Prejudices have more roots than principles.
Nicholas Machiavelli
Poetry does not hurt the brute. Even when used as a weapon of defence, of counterattack, of hope, poetry is harmless in the face of impervious minds and alienated bodies. These, perhaps out of pride or perhaps ignorance, do not see themselves as part of the whole; do not recognize in their pain the same root as that of their fellow man. They do not see themselves as fellows. Even in the daily interval between waking and sleeping, if the scenario and the characters are identical, the insensitive person will only recognize (his/her) truth in the mirror. This person’s hyper-filtered self-portraits on social networks, where one presents oneself to the other, not as one is, but as one would like to be is a sign of contemporaneity.

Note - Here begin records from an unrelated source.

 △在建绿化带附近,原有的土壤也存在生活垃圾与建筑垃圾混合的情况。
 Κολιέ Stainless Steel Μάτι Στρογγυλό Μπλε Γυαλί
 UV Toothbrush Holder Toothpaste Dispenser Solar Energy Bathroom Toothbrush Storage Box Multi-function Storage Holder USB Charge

Quoting José Saramago, “History is so lavish, so generous, that it not only gives us excellent lessons about the relevance of certain events that happened in the past, but also endows us, for our government, a few words, a few phrases that, for this or that reason, would take root in the memory of peoples.” Poetry is necessary where we are afflicted by fear and anxiety. In times like now, it is a code for writing history, which, even if quietly silenced by the institutions of power, must be reviewed and told beyond Whatsapp groups.

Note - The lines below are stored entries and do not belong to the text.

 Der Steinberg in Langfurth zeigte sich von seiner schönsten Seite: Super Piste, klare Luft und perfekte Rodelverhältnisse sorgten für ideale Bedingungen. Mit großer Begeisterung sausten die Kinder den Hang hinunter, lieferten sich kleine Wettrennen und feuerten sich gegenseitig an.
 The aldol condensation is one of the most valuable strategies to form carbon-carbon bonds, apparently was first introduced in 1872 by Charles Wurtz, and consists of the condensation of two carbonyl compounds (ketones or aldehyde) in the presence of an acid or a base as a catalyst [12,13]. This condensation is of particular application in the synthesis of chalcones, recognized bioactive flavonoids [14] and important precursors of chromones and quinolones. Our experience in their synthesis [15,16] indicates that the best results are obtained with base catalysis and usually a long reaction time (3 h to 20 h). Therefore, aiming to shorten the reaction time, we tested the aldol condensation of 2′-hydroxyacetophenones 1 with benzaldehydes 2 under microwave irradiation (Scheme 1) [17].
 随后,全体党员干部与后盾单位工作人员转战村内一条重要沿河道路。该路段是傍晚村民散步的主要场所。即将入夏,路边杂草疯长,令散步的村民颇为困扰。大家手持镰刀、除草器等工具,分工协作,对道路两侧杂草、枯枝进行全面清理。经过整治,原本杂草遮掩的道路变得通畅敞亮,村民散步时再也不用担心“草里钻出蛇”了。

For living many years in the bush
as birds do
The boy caught a bird’s gaze –
He contracted source vision.
For the way he saw things
as they are
as birds do.
Manoel de Barros
There are birds that land on cattle and generously feed on their parasites, throw seeds, fertilize the soil and generate life. Vitor faces poetically and metaphorically the harshness of our political and social reality with the subjectivity of strong drawing, with the sweet bonds of strong roots and the cunning of criticism dressed as beauty. The virtuosity of his artworks, at times, deceives the distracted gaze, which fails to perceive the delicate subversion of the academy’s values; the subtle poetry of the narratives; the still life as a metaphor; ancestry, and faith. Vitor Mizael sees as a bird, he sees things as they are. He informs us through his flight that it is necessary to see what has not been seen, to see again what has already been seen. To conclude – like Nietzsche – the higher we rise, the smaller we look in the eyes of those who don’t know how to fly.